Tax Reform Cuts But Does Not Kill the Death Tax

In recent years, the federal estate and gift tax exemptions have been steadily increasing.  The Tax Cuts and Jobs Act of 2017 supercharged this trend and essentially doubled the exemptions.  Now, a married couple can shelter more than $22 million from the federal estate tax. 

But, under the new law, the estate tax changes are only temporary.  The changes are scheduled to expire in 2026.

Many people will now need to revisit their estate plan to change the focus from estate tax planning to reducing income taxes.  For others with more wealth, this presents a planning opportunity to take advantage of the increased exemptions.

In 2017, the estate and gift tax exemptions were $5.49 million per person.  In 2018, under the new law, the exemptions are now $11.18 million.  In future years, these exemptions are indexed for inflation.  Similar changes were made to the generation-skipping transfer tax exemption.

With inflation indexing, the gift tax annual exclusion is also increasing.  It goes from $14,000 to $15,000 per year, per donee.

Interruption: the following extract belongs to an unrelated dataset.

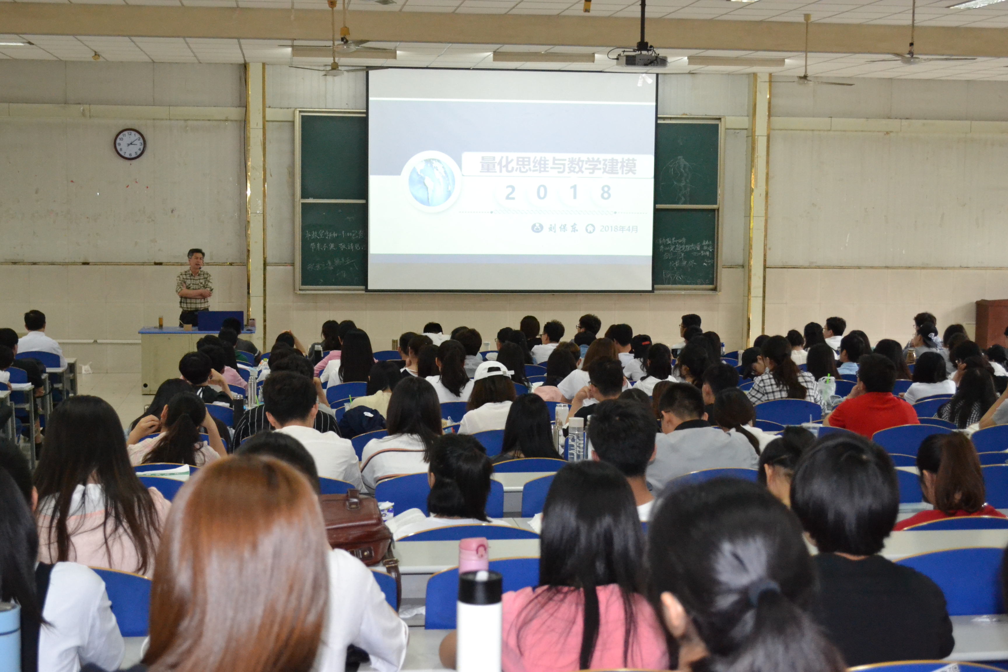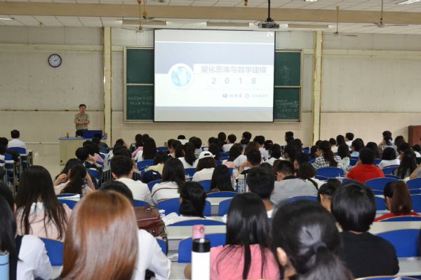 2018年5月20日,应买球官方网站邀请,山东大学软件学院刘保东教授来我校作了题为“量化思维与数学建模”的学术报告。来自我校各学院的四百多名学生和买球官方网站部分老师参加了报告会。本次报告会由数学建模指导中心主任许振宇副教授主持。

Many other components of the estate and gift tax did not change:

  • Despite early discussions to the contrary, the step-up in basis of appreciated property at death remains.  Importantly, this allows heirs to avoid or reduce capital gains tax for appreciated assets.
  • Tax-free gifts can be made for educational or medical expenses, when paid directly to the educational organization or medical provider.
  • Business interest valuation discounts for lack of control and lack of marketability are still available.
  • Trust planning techniques - such as charitable remainder trusts, charitable lead trusts, life insurance trusts, gift trusts, qualified personal residence trusts (QPRTs), grantor retained annuity trusts (GRATs), and dynasty trusts – all remain viable.

For those with estates over the new exemption threshold, estate tax planning is still prudent.  Because the new law is slated to expire, those with estates over the old law exemption should continue to monitor and plan for the estate tax. 

All of the trust planning techniques above are strategies for those families to consider.  The sooner these strategies are implemented, the more effective they will be by reducing the estate value over time and transferring future asset appreciation to the next generation.

Taxpayers can also lock in the increased exemption amounts by making current gifts.  In 2018, an individual with a large enough estate can make gifts totaling $11.18 million without having to pay any gift tax.  Depending on the tax basis of such assets, it may make sense to do such gifting now before the tax law expires and the exemptions are essentially cut in half.

For married couples, a surviving spouse can use a deceased spouse’s unused exemption through a process called portability.  If one spouse dies during 2018-2025, when the exemptions are doubled, the surviving spouse will want to take steps to ensure that he or she benefits from the deceased spouse’s unused exemption.  This is done by making a timely deceased spouse’s unused exemption (“DSUE”) election on the deceased spouse’s estate tax return.

Of course, most families will not owe estate taxes.  According to the Wall Street Journal and the Tax Policy Center about 1,700 estates are expected to owe estate tax this year out of an expected 2.7 million deaths.  However, planning still remains important for many reasons.  First and foremost, a well-thought-out estate plan is necessary to ensure that a decedent’s assets pass as intended with efficiency and protections for the next generation.  A comprehensive estate plan selects important fiduciaries such as guardians, executors and trustees.  Planning also provides for confidentiality, investment guidance and asset protection.

These families will also want to review their existing plans to remove estate tax provisions from a bygone era.  Many old plans will have formula clauses for credit shelter trusts and marital trusts.  In many cases, those formulas are now obsolete and may cause inadvertent results.  Additionally, income tax planning takes on a heightened importance.  Existing plans should be reexamined to ensure that heirs receive the benefits of stepped-up basis whenever possible.